● Exercise brief
Starting at the line that contains "- TRW - DF4561" and stopping after the line that contains "Установити відповідність між", transcribe the listing below exactly; do not include any pictures.

● The data
+ + + +

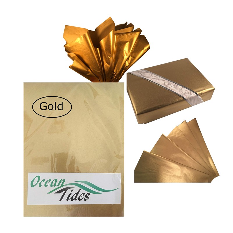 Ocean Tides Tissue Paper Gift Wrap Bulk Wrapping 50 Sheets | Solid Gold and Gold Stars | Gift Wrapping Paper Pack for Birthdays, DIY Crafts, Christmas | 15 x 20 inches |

+ + + +

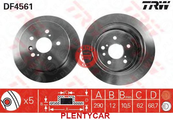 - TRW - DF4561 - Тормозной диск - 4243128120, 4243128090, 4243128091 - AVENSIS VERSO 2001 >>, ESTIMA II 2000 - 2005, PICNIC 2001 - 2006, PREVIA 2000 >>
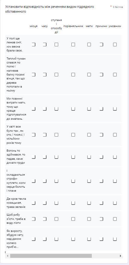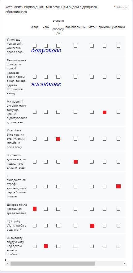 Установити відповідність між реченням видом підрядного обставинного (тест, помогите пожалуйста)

+ + + +

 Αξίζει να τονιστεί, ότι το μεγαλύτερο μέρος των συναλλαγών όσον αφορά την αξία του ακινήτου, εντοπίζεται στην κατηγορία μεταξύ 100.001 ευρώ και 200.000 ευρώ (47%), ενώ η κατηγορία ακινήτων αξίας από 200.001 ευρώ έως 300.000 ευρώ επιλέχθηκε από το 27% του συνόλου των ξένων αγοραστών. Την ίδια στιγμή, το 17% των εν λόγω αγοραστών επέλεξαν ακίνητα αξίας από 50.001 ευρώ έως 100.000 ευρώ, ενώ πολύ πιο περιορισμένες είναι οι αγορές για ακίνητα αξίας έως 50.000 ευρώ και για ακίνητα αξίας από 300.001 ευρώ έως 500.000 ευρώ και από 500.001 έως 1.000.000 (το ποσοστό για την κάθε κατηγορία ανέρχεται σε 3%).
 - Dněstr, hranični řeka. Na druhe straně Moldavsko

+ + + +

● Written response
 - TRW - DF4561 - Тормозной диск - 4243128120, 4243128090, 4243128091 - AVENSIS VERSO 2001 >>, ESTIMA II 2000 - 2005, PICNIC 2001 - 2006, PREVIA 2000 >>
 Установити відповідність між реченням видом підрядного обставинного (тест, помогите пожалуйста)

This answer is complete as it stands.